Understand Red Black Tree: part one - background

Introduction

In this series of articles, I want to examine an important data structure: the red-black tree. The red-black tree is an advanced data structure that is difficult to fully understand. Maybe you have some wonders and confusion about it as follows:

  • What is the meaning of red and black here?
  • The red-black tree is known as a self-balancing binary search tree. But what’s the difference between it and others?
  • Where is it used or applied?

If you want to know the answer to the above questions, then this article is just for you. I will cover the following topics:

  • Why do we need the red-black tree and what is its advantage?
  • How does a red-black tree work?
  • How to write a red-black tree from scratch?

Background of Red-Black Tree

In this section, let’s review the history of the red-black tree. During this process, I will show you why it was invented and what kind of advantages it can provide compared with other tree data structures.

First thing first, let’s define the red-black tree as follows:

  • Red-Black Tree is a self-balancing binary search tree.

Let’s analyze this definition step by step:

  • Tree: A tree is a nonlinear data structure, compared to arrays, linked lists, stacks and queues which are linear data structures. A tree is a data structure consisting of one node called the root and zero or one or more subtrees. One disadvantage of linear data structures is the time required to search a linear list is proportional to the size of the data set, which means that the time complexity is O(n). That’s why more efficient data structures like trees are invented to store and search data.

  • General Tree: A general tree is a tree where each node may have zero or more children.

  • Binary Tree: A binary tree is a specialized case of a general tree, where each node can have no more than two children.

  • Binary Search Tree: A binary tree satisfying the binary search property is called a binary search tree(BST). To build a BST, the node with a key greater than any particular node is stored on the right sub-trees and the one equal to or less than is stored on the left sub-tree.
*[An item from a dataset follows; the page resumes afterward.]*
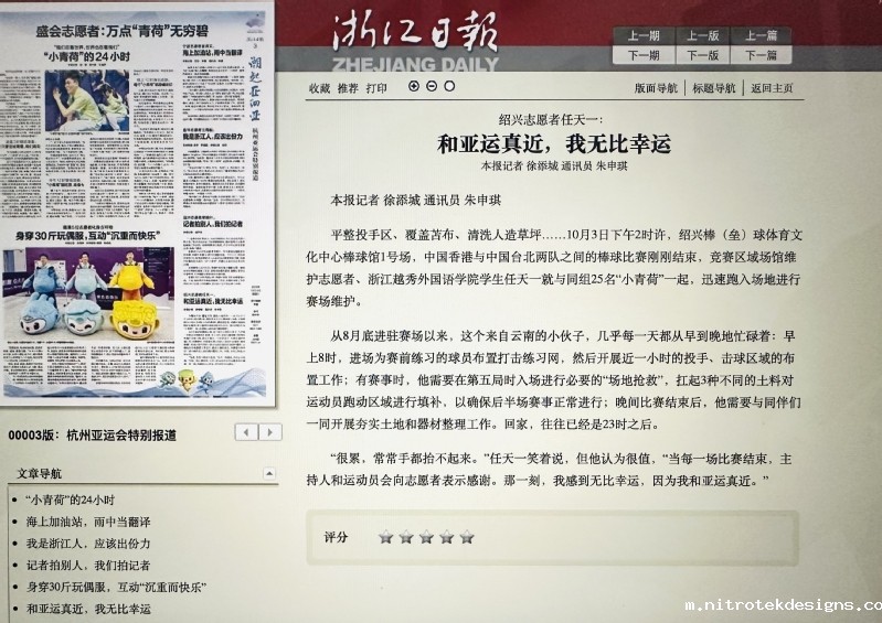 越秀“小青荷”在赛场内外以充沛的活力和热烈的激情书写属于他们的亚运故事,在FOP、技术运行、运动队服务、礼宾接待等领域展示了亚运志愿者的优秀风采。越秀“小青荷”的优秀表现也得到了媒体的广泛关注和报道,获央视《新闻联播》、越牛新闻等媒体平台多次报道。
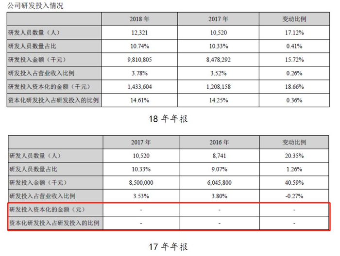 2. Q:18年研发98亿资本化14亿,17年研发85亿资本化12亿,但17年年报没有披露资本化,是什么原因?

The average search time complexity of BST is O(logN), but in the worst case, it will be degraded to O(N). It happens when we insert the nodes one by one in order. For example, if we insert the elements in array [1, 2, 3, 4, 5, 6] into RST in order, what we get is as follows:

This kind of unbalanced BST is degraded to a single linked list. So the BST needs to keep balanced during the insert and delete of the node. That’s where the self-balancing binary search tree comes from.
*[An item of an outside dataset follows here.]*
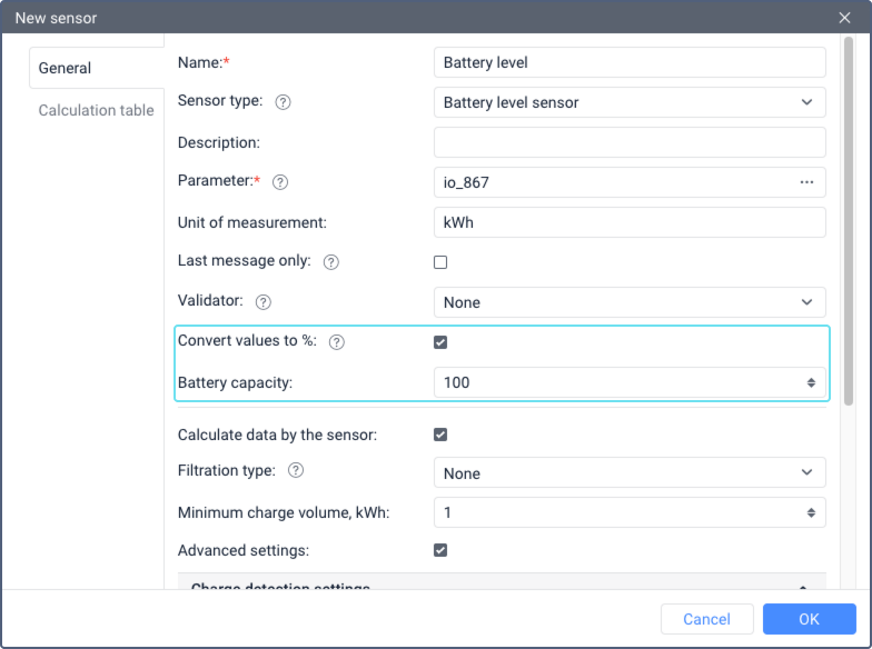 - In the sensor Parameter field, specify the parameter that sends the current battery level value in kWh, or use an expression or calculation table to set up the conversion of the value to kWh.

  • Self-Balancing Binary Search Tree: it’s a binary search tree that automatically keeps its height small in the face of arbitrary item insertions and deletions. And the red-black tree is just one type of it.

Summary

As the first post of this series, I examined the background of the red-black tree bit by bit. I hope you can understand what’s self-balancing binary search tree and why we need it. In the next post, I will start to examine the behavior and property of the red-black tree.